Copy word for word the lines in the records below, starting at the line with "Excel template ini" and ending at the line with "Elegant Victorian Moissanite". Skip the pictures.

DATA PROVIDED:
======

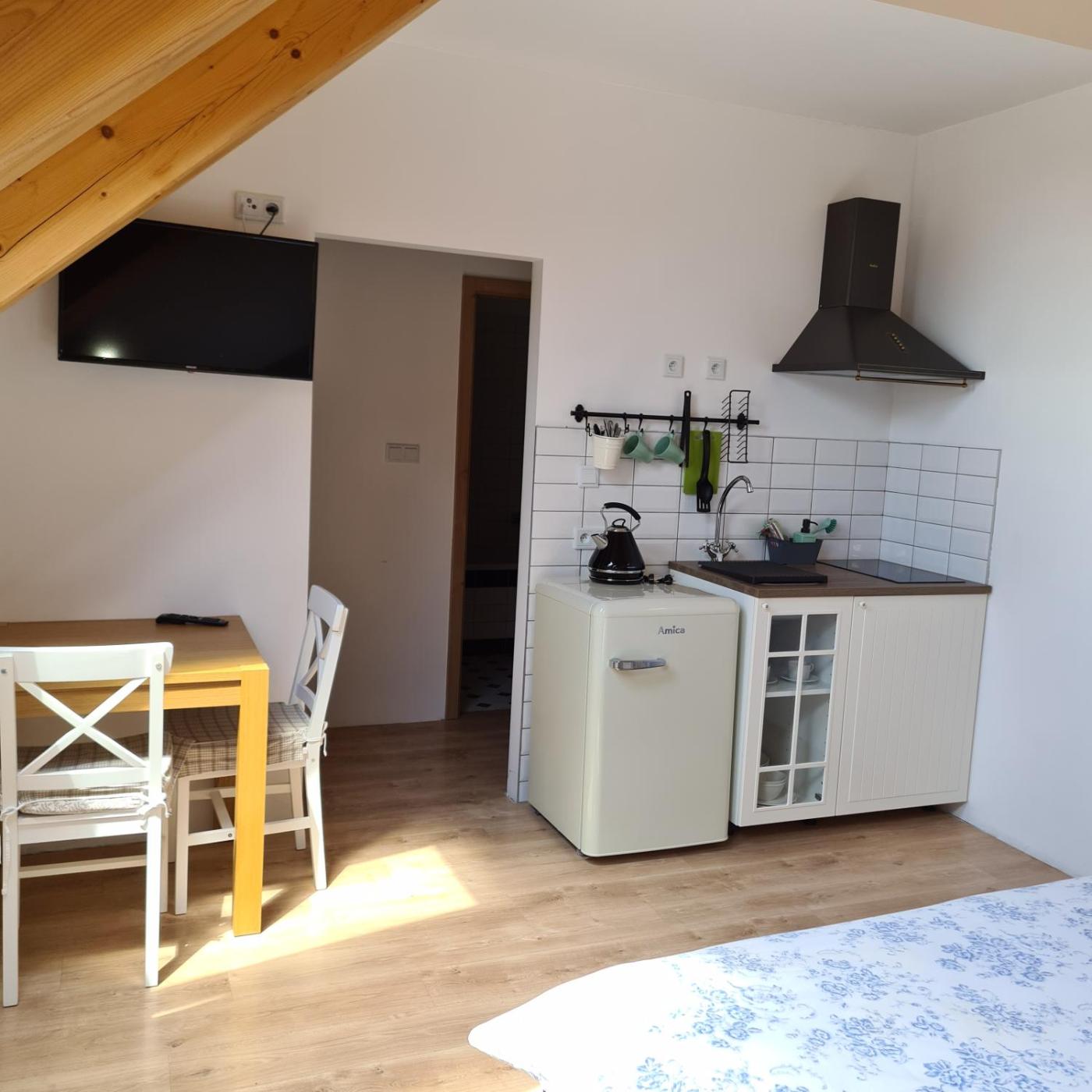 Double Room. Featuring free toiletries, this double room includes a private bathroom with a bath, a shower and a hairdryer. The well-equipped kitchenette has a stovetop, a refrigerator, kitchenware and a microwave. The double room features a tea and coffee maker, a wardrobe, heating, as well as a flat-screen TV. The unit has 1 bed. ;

======

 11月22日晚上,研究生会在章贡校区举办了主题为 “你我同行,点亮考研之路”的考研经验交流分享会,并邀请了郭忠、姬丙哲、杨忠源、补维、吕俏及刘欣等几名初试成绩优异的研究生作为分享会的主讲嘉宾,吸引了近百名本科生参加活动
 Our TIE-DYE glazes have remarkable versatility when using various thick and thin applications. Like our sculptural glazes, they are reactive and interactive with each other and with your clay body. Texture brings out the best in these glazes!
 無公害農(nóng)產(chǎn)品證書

======

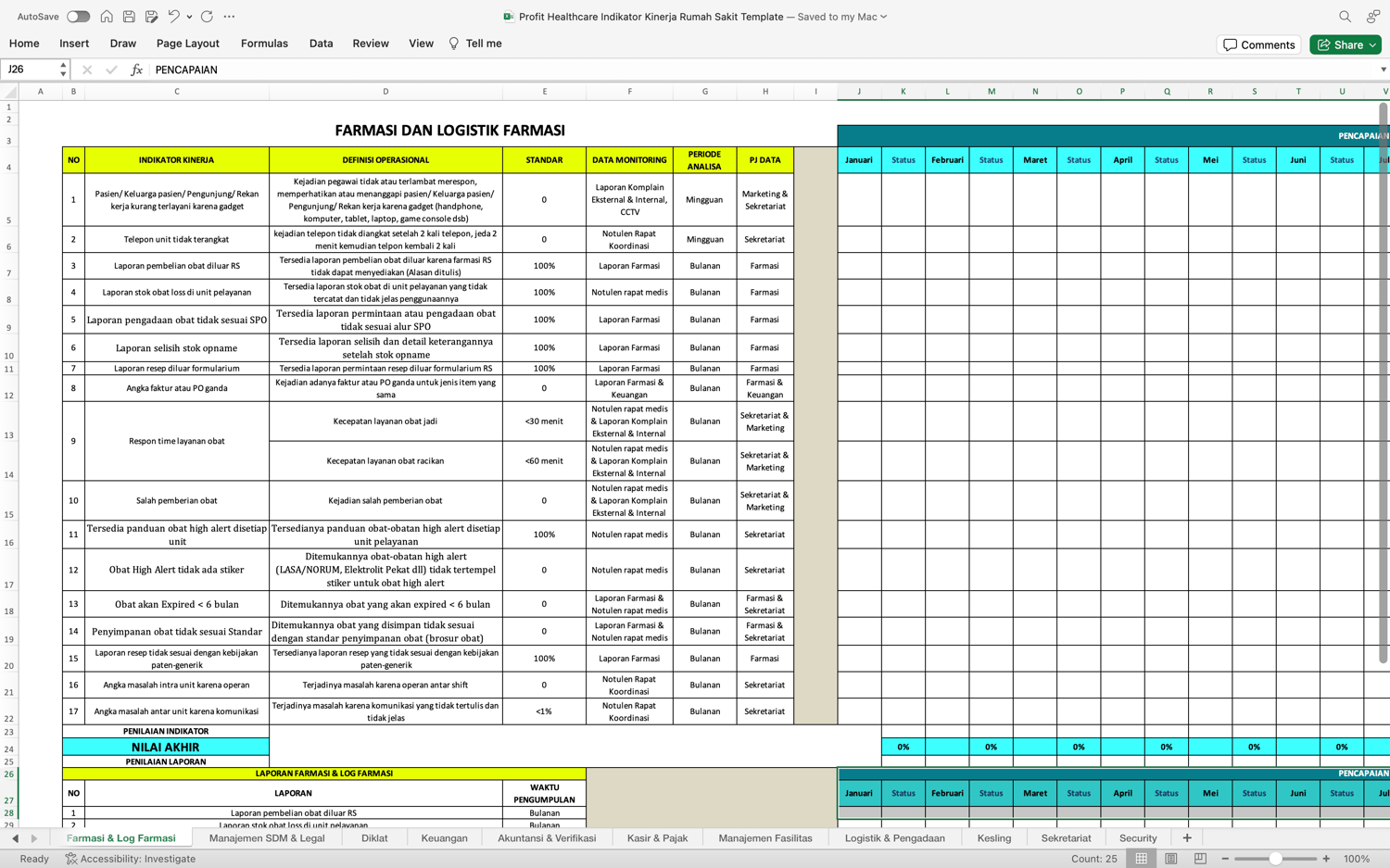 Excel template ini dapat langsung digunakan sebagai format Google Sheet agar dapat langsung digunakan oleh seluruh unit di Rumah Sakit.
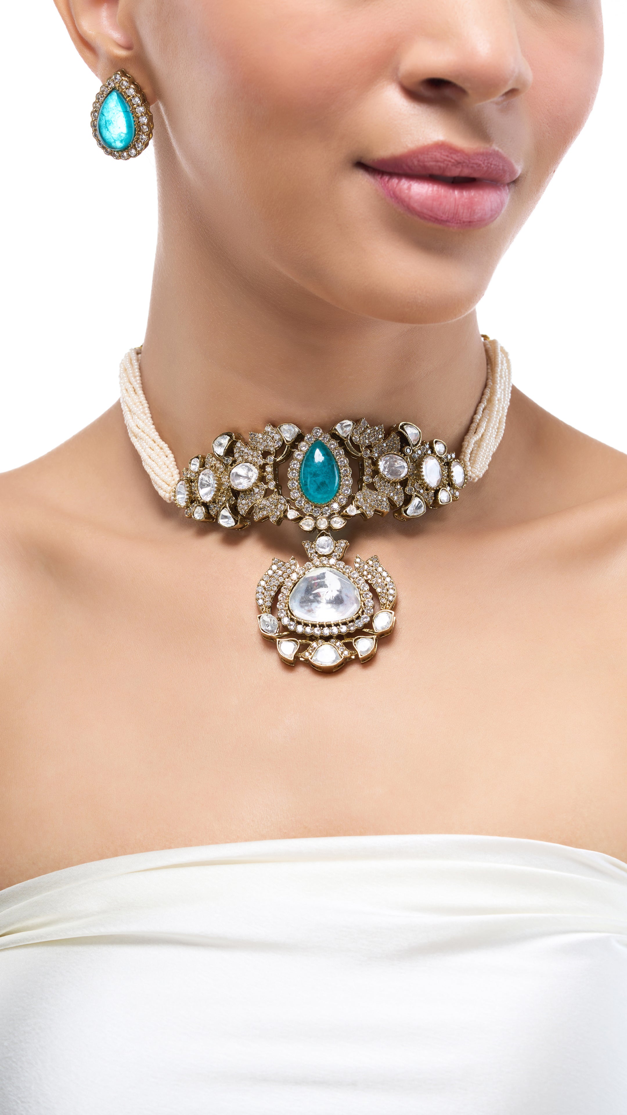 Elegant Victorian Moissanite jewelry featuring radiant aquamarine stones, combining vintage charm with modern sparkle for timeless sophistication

======

SOLUTION TO THIS EXERCISE:
 Excel template ini dapat langsung digunakan sebagai format Google Sheet agar dapat langsung digunakan oleh seluruh unit di Rumah Sakit.
 Elegant Victorian Moissanite jewelry featuring radiant aquamarine stones, combining vintage charm with modern sparkle for timeless sophistication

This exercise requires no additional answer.